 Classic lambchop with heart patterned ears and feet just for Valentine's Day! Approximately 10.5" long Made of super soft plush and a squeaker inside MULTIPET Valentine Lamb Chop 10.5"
---
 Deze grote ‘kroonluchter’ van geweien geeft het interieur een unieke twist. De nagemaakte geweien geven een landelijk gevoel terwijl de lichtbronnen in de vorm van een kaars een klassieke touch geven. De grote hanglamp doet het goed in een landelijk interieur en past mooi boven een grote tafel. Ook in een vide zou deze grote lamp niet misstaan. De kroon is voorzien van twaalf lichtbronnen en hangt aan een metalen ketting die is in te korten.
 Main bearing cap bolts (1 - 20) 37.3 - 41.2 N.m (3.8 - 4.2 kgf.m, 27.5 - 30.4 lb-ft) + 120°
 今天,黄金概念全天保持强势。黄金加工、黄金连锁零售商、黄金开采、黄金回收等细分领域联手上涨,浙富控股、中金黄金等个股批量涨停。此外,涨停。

* [Problem details]
From the entries above, restate word for word the lines from the line containing "Deze grote ‘kroonluchter’" to the line containing "今天,黄金概念全天保持强势。", both ends included, and nothing more.

* [Answer for this exercise]
 Deze grote ‘kroonluchter’ van geweien geeft het interieur een unieke twist. De nagemaakte geweien geven een landelijk gevoel terwijl de lichtbronnen in de vorm van een kaars een klassieke touch geven. De grote hanglamp doet het goed in een landelijk interieur en past mooi boven een grote tafel. Ook in een vide zou deze grote lamp niet misstaan. De kroon is voorzien van twaalf lichtbronnen en hangt aan een metalen ketting die is in te korten.
 Main bearing cap bolts (1 - 20) 37.3 - 41.2 N.m (3.8 - 4.2 kgf.m, 27.5 - 30.4 lb-ft) + 120°
 今天,黄金概念全天保持强势。黄金加工、黄金连锁零售商、黄金开采、黄金回收等细分领域联手上涨,浙富控股、中金黄金等个股批量涨停。此外,涨停。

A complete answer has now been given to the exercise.